Debt-Financed Government Spending Imposes ‘Real Economic Costs’ on Canadians: Study

Debt-Financed Government Spending Imposes ‘Real Economic Costs’ on Canadians: Study
Deputy Prime Minister and Finance Minister Chrystia Freeland responds to questions from the opposition after delivering the federal budget in the House of Commons in Ottawa on April 7, 2022. The Canadian Press/Adrian Wyld
Isaac Teo
Updated:

The notion that debt-financed government spending has a “low fiscal cost” is not only misleading, but also hides the fact that it has real economic costs, even when the interest rates are very low, a recent study says.

“There is no free lunch when it comes to debt-financed government spending. Even with record low interest rates, there are real costs imposed on the economy and Canadians,” said study co-author Bev Dahlby, a senior fellow with the Fraser Institute, in a press release on July 7.
The study, titled “The Fiscal Costs of Debt-Financed Government Spending,” is a review of fiscal policies made based on favouring debt-financed spending due to “very low interest rates on government debt over the past decades.”

“The persistently low interest rates on government debt over past decades has prompted some leading economists to question the wisdom of fiscal policies that restrict the use of deficits to finance government spending,” the report said.

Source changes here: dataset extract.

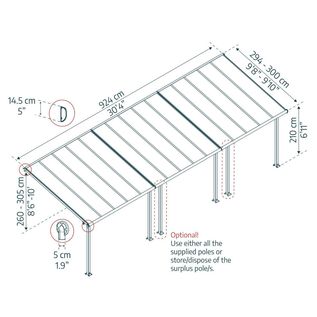 Ideal for entertaining, celebrating, or relaxation, the Olympia 10x30 ft. patio cover offers robust protection with powder-coated aluminum and virtually unbreakable, UV-protected polycarbonate roof panels. Glam up your garden and add elegance to your home with this Olympian-style outdoor space to be enjoyed all year round.

“This position is based on a simple model of public debt dynamics which implies that when the real interest rate on public debt, r, is less than the growth rate of the economy, g, the ratio of the government debt to GDP can be stabilized even if the government has a primary deficit, i.e. with current revenues less than current program expenditures.”

The study says this notion has led some policymakers to believe that tax revenues never have to equal program expenditures if the real interest rate on government debt is less than the growth rate of the economy.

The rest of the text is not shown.